É verdade que Max Martin — que já teve um período de vacas magras na última invasão urbana entre 2001 e 2006 — segue forte e seu trademark sound ainda é capaz de ressoar no mundo todo, como provado pelo sucesso global de Can’t Stop This Feeling de Justin Timberlake mas, no geral, o som de Perry não está em seu melhor momento nos EUA.
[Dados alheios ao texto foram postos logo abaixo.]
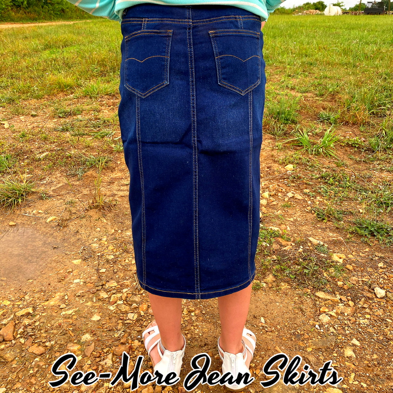 NATALIE MID LENGTH DARK DENIM SKIRT

E quanto ao resto do mundo? Afinal de contas, Chained to the Rhythm também teve uma recepção decepcionante no Reino Unido e na Austrália, dentre outros países. Será que, depois de três álbuns, a formula de Perry simplesmente cansou?

Existe salvação?

Como já disse, Chained to the Rhythm não foi um fracasso gigantesco. A música simplesmente teve um desempenho abaixo das expectativas. Então sim, Perry pode ser capaz de sair dessa.

De certa maneira, o desempenho da música lembra um pouco o lead single do último álbum de Bruno Mars, 24k Magic.

Bruno, assim como Katy, é um artista que tem facilidade histórica de atingir o topo das paradas e o fez várias vezes, inclusive com o lead single de seus dois primeiros álbuns. Ele também teve o maior sucesso de 2015, a inescapável Uptown Funk. Sendo assim, todo mundo esperava que a primeira música de seu terceiro álbum fosse, logo de cara, um gigantesco sucesso global.

Mas não foi o que aconteceu. Assim como a música de Perry, 24k Magic empacou em oitava no Spotify dos EUA e nunca alcançou o topo em nenhum dos mercados principais, sendo apenas um sucesso razoável enquanto todo mundo esperava um smash hit dado o track record impressionante de Mars ao longo dos últimos 5 anos.

Apesar disso, Bruno se recuperou bem e o segundo single do álbum, That’s What I Like, já é um sucesso muito maior do que a música anterior e deve alcançar o topo da parada do EUA em breve. Além disso, a turnê dele esgotou em minutos e o álbum segue um vendedor constante mundo afora. Ou seja, existe vida após um single de estreia decepcionante.